MACaver my husband would love you he's always trying to take me to underground caves on our vacations.  They can be fun, but ahh The Islands...now that's my idea of a vacation...so we go to the beautiful pink beaches of Bermuda and what do we have to visit?  You guessed it!


----------



## Dr. Kenpo (Sep 6, 2004)

High School Social Studies teacher, former FB coach

Teach Tenpo twice a week

Read, workout, try to keep up with my TKD forms, Tai Chi,  took up learning how to play a bass guitar(20 year dream) collect music, lots of housework(I like a clean castle!):asian:


----------



## Raewyn (Sep 6, 2004)

I work in the fishing industry, I run the parts dept selling parts for outboard motors.  Our company is into recreational fishing selling everything from rods and reels to Amercian Boats. ( Ive been told a few times Im a woman trying to do a mans job!!!  guess the guys dont like being told by a woman whats wrong with their motors when they cant fix the problem themselves!!!)


Hobbies are........other than MA, fishing!!!!!!!!


----------



## MA-Caver (Sep 6, 2004)

mj-hi-yah said:
			
		

> MACaver my husband would love you he's always trying to take me to underground caves on our vacations.  They can be fun, but ahh The Islands...now that's my idea of a vacation...so we go to the beautiful pink beaches of Bermuda and what do we have to visit?  You guessed it!

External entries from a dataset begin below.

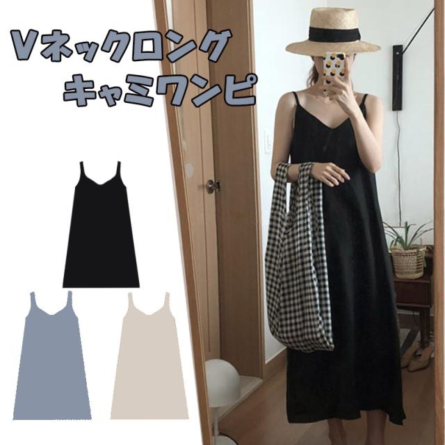 マキシ ワンピース Vネック ロング キャミ キャミソール ワンピ シンプル きれいめ (zk802) ルームウエア 部屋着 リゾートウェア ルームワンピース ルームワンピ レディース 女性 メール便送料無料
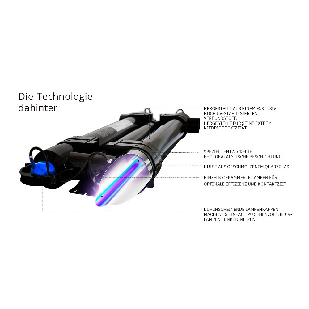 - ACHTUNG dieses Produkt emittiert UV-C-Strahlung! Setzen Sie ihre Augen und Haut nicht dem ungesicherten Produkt aus! Befolgen Sie die Installationsanleitung und/oder das Benutzerhandbuch. Nicht geeignet für die Allgemeinbeleuchtung.
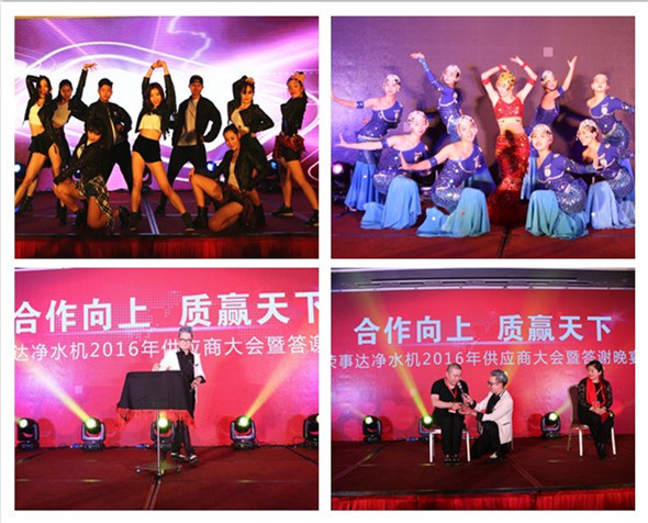 在答謝晚宴上,榮事達為遠道而來的供應(yīng)商企業(yè)代表準備了精彩紛呈的文藝表演,炫酷十足的燈光秀、火辣勁爆的街舞開場表演點燃了現(xiàn)場氣氛,曼妙唯美的舞蹈《年年有余》贏得觀眾一片叫好,妙趣橫生的魔術(shù)互動表演將整臺晚會氣氛推向高潮。歡樂抽獎環(huán)節(jié)更是驚喜不斷,榮事達空氣凈化器等精美大獎悉數(shù)送出。
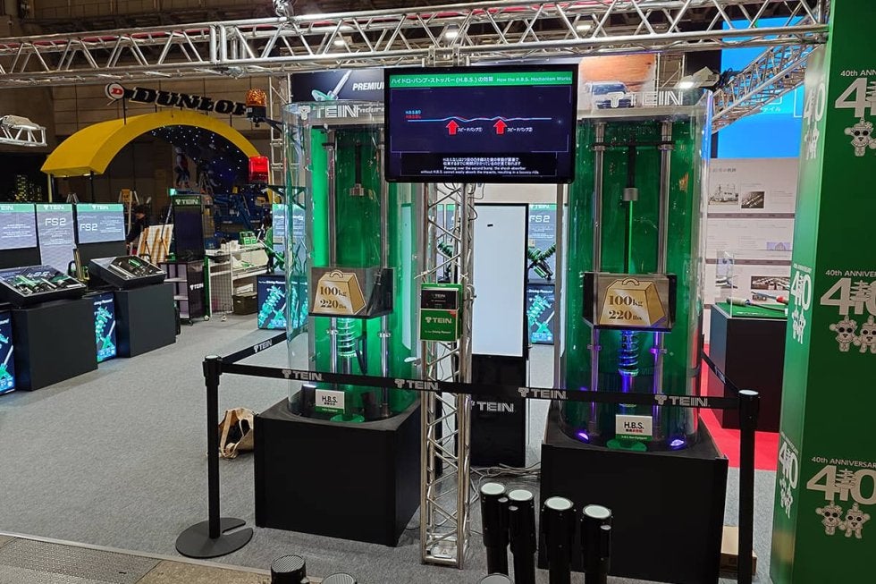 展示品が動く! ダンパーに搭載されている機構や、起きる現象を再現したデモ展示機を設置します! TEIN独自の機構であるハイドロバンプストッパー(H.B.S.)の効果がわかるデモ展示機や、キャビテーション発生時のダンパー内部の様子がわかるデモ展示機があります。搭載された機構にはどのような効果があるのか、ダンパーの内部では何が起きるのかを、ぜひご覧ください。
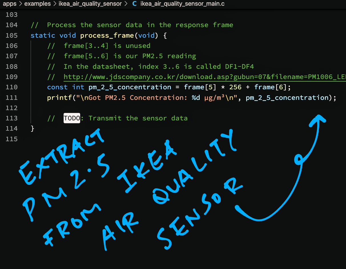 Here's how our #NuttX App extracts the PM 2.5 reading from IKEA Air Quality Sensor

Well, if you two ever find yourselves out by my way... I'd be happy to take ya'll somewhere.  I'm an instructor for vertical rope techniques and thus can train you (and him if he's not know-how) the how to's and then take ya'll to someplace real purty.


----------



## mj-hi-yah (Sep 6, 2004)

MACaver said:
			
		

> Well, if you two ever find yourselves out by my way... I'd be happy to take ya'll somewhere.  I'm an instructor for vertical rope techniques and thus can train you (and him if he's not know-how) the how to's and then take ya'll to someplace real purty.


Thanks MACaver ya never know! Training would be a good idea! LOL we've only done the caves with the lighted steps and tour guides so far! But my guy also loves bats *shiver* (and vampires -vampfeed- as well)...he'd probably really enjoy it! :asian:


----------



## Rich Parsons (Sep 6, 2004)

Work:

Design System Engineer for Control Modules. AKA the computer brains that run your car's engine and transmissions. 

Hobbies:

Martial Arts - teaching and studying
Driving my Motorcycle or my sports car
Shooting Pool and the occasional game of darts
Hanging with the friends and drinking a beer
Computer games when I get the time
Supporting Martial Talk as an Admin
The occasional Date with a young lady.


----------



## sifu nick (Sep 7, 2004)

I am a Police Officer and I teach martial arts at night. Hobbies include: riding my motorcycle, hanging out with friends, reading, and sports.


----------



## MA-Caver (Sep 7, 2004)

mj-hi-yah said:
			
		

> Thanks MACaver ya never know! Training would be a good idea! LOL we've only done the caves with the lighted steps and tour guides so far! But my guy also loves bats *shiver* (and vampires -vampfeed- as well)...he'd probably really enjoy it! :asian:


This is just for MJ (shiver indeed!... this Townsend Big Ear Bat is sooo cute!) some cave somewhere in Utah.


----------



## mj-hi-yah (Sep 7, 2004)

Heh heh nice try but now I got *spine tinglin shivers*!  Oh... put wings on any hamster and I'm outta here! :uhyeah:


----------



## AnimEdge (Sep 7, 2004)

would make a good sandwitch


----------



## bignick (Sep 7, 2004)

he's sure a cutie


----------



## Silat Student (Sep 8, 2004)

Well lesse:

What I do/Work: I'm just getting outta the early student stages (High School/GED) of my life, currently taking a break before going to college to get a 4 year and join the navy *hums a few bars of "In the Navy"*. 

Hobbies:

Roleplaying
Hanging Out
Collecting Phone #'s
PSP (shameless organization website plug coming in 3....2....1....www.combat-silat.net)
Hunting (just getting into it)
Fishing
Working Out
Being a Night Owl (I just might have a little Bat in me)


----------



## Cryozombie (Sep 11, 2004)

Work:

I am an IT Helpdesk Supervisor Full Time, I am a Repo Man Part Time.  Fun stuff.

Play:

I am into Rock Climbing, Motorcycling, and I Brew Beer.


----------



## Chrono (Sep 17, 2004)

bignick said:
			
		

> As for myself...I'm Junior in college...my major?...oddly enough, Computer Science...


 Dude! Me too. However, I'm not strictly a Computer Science major. USC-Aiken has it that if you want to do computer science you have to have a dual degree in math. I kind of like this, though. I realize that I'm good at it and that I actually like it. How weird am I?


----------



## AnimEdge (Sep 17, 2004)

yea CSE students unite!


----------



## Pale Rider (Sep 18, 2004)

I like this.... alot of you have very interesting fields of employment. Thank you all for your inputs....


----------